I could tell you about the trip back, about how the fungus sprouted at random and hindered my progress and I saw another little alien slug. But my mind, and Dalia’s, I like to think, was still in that room, with Gerald. I knew the way back, but it wasn’t where I was.
As I played Ambrosia Sky, the words “thoughtful” and “intimate” came to mind often. It’s a game about a crisis on an agricultural colony, yes, but the stakes are deeply personal, and every part of its design feels grounded in who Dalia is, the work she does, and her personal history. The more I spoke to Soft Rains studio head Joel Burgess and art director Adam Volker during and after my demo, the more I realized how intentional all of it was, and how much work it’s taken to create. The title, Ambrosia Sky, evokes ancient myth. Ambrosia, the food of the gods. In this case, the mushrooms that would allow us to sustain life beyond Earth. Even the title tells part of the story.

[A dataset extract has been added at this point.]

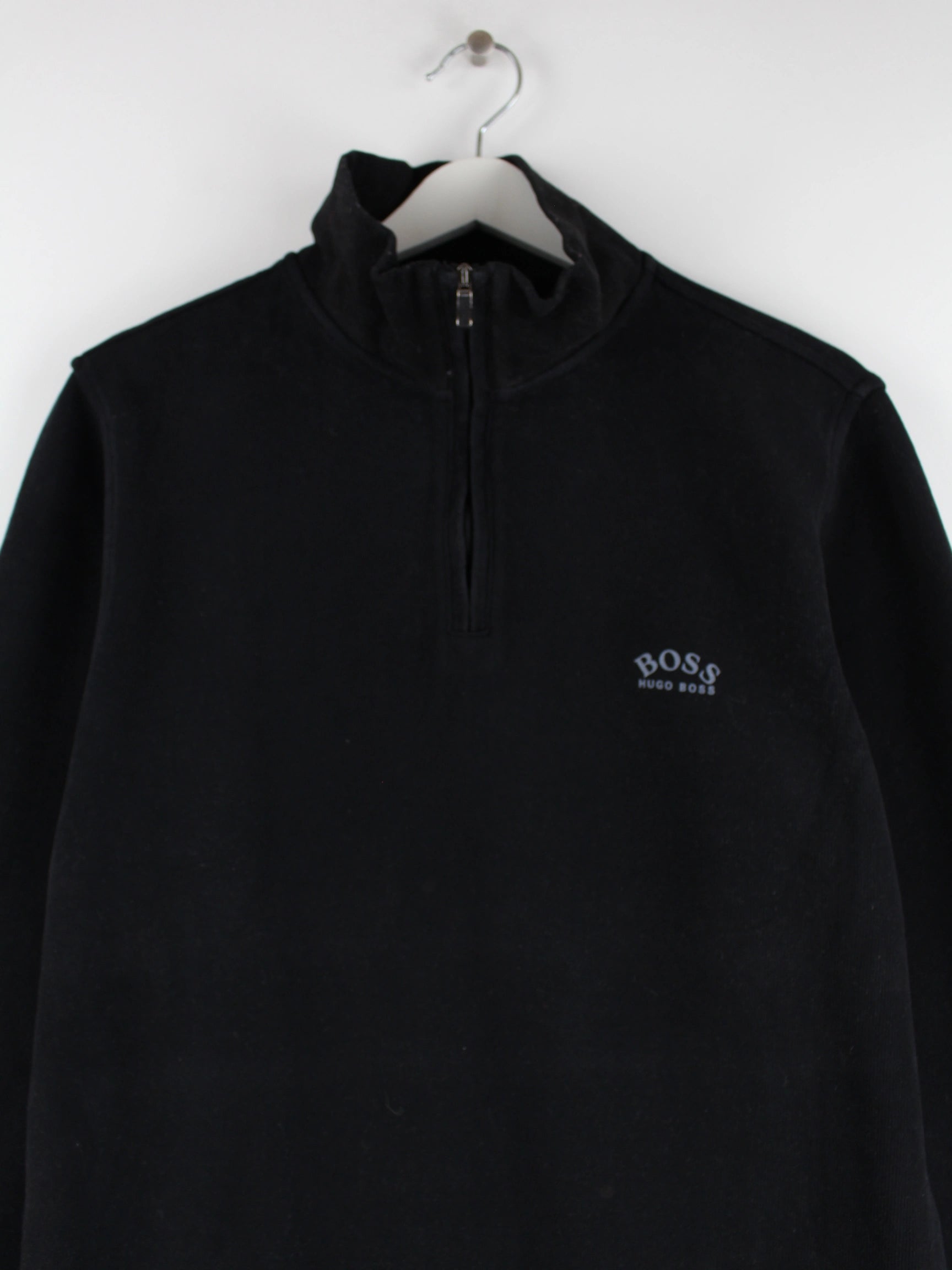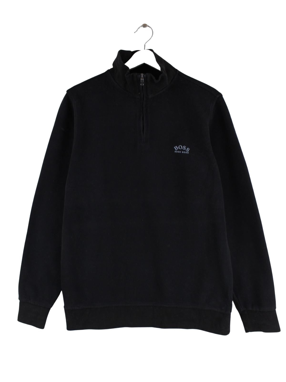 Schwarzer Pullover mit kurzem Reißverschluß aus dem Hause Hugo Boss in Größe L. Er ist aus einer Baumwollmischung hergestellt und in sehr gutem Zustand im Bestand.

Burgess told me that he hopes players don’t notice all the work it has taken to put it all together, at least at first. “You want that work to feel invisible. But I hope we make a world and a game that people want to think about, want to spend time in, that lives in their brains well beyond the time that it lives on their screens, to where they then do appreciate the depth, the extra effort that we've put in to make sure that systems work and interact with each other, as well as the characters and their motivations in the world and the setting, and things that exist well beyond the frame of this game,” he said.

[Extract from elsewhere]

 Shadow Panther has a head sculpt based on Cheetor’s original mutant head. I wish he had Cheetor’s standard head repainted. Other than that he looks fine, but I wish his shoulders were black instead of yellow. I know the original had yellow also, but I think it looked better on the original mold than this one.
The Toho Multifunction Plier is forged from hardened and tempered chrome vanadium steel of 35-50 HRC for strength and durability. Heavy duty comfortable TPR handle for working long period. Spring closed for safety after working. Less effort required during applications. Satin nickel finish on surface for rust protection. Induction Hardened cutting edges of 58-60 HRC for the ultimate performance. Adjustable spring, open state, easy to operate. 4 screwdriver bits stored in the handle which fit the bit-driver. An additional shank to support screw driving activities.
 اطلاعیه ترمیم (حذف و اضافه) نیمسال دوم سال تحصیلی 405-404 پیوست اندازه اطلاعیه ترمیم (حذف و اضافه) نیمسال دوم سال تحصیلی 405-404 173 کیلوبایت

Based on my time with Ambrosia Sky, I think they may have succeeded. I played a lot of games at Summer Game Fest. But few of them stuck with me like Ambrosia Sky, and none hit me quite as hard in such a short time. I am excited to see what else Soft Rains has in store for us on the Cluster, but one thing is clear: their ambition is great. Like the humanity of Ambrosia Sky, they reach skyward, pursuing a lofty ideal. And I can’t wait to see what else they have to show us among the stars.